1

I know that in Convolution layers the kernel size needs to be a multiplication of stride or else it will produce artefacts in gradient calculations like the checkerboard problem. Now does it also work like that in Pooling layers? I read somewhere that max pooling can also cause problems like that. Take this line in the discriminator for example:

  self.downsample = nn.AvgPool2d(3, stride=2, padding=1, count_include_pad=False)
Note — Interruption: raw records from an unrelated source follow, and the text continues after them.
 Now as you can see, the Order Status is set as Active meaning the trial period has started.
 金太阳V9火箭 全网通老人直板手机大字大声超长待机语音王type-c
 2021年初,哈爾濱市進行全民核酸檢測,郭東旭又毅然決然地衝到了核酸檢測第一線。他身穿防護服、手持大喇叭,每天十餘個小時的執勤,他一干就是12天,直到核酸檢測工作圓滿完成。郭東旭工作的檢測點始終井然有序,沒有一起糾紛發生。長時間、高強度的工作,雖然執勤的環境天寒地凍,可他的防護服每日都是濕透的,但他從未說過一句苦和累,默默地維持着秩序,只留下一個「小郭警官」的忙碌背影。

I have a model (MUNIT) with it, and this is the image it produced:

enter image description here

It looks like the checkerboard problem, or at least a gradient problem but I checked my Convolution layers and didn't found the error described above. They all are of size 4 with stride 2 or an uneven size with stride of 1.

Jarartur
  • 149
  • 1
  • 10

1 Answers1

2

This doesn't look like a checkerboard artifact honestly. Also I don't think discriminator would be the problem, it's usually about image restoration (generator or decoder).
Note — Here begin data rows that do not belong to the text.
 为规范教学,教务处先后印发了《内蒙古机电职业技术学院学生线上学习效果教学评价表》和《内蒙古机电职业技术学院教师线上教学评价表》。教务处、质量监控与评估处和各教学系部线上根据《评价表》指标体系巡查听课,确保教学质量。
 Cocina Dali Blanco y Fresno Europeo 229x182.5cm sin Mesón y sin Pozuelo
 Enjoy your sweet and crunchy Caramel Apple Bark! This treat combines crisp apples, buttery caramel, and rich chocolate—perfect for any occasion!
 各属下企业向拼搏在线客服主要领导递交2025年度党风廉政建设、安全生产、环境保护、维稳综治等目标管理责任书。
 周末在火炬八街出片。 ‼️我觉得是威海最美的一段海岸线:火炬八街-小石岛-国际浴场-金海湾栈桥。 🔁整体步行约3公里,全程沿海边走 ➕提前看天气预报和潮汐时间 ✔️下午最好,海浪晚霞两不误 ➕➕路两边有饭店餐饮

Took a quick look at the MUNIT and what they use in Decoder is torch.nn.Upsample with nearest neighbor upsampling (exact code line here).

You may try to use torch.nn.Conv2d followed by torch.nn.PixelShuffle, something like this:

import torch

in_channels = 32
upscale_factor = 2
out_channels = 16

upsampling = torch.nn.Sequential(
    torch.nn.Conv2d(
        in_channels,
        out_channels * upscale_factor * upscale_factor,
        kernel_size=3,
        padding=1,
    ),
    torch.nn.PixelShuffle(upscale_factor),
)

image = torch.randn(1, 32, 16, 16)

upsampling(image).shape  # [1, 16, 32, 32]

This allows neural network to learn how to upsample the image instead of merely using torch.nn.Upsample which the network has no control over (and using below trick it should also be free of checkerboard artifacts).

Additionally, ICNR initialization for Conv2d should also help (possible implementation here or here). This init scheme initializes weights to act similar to nearest neighbor upsampling at the beginning (research paper here).

Szymon Maszke
  • 22,747
  • 4
  • 43
  • 83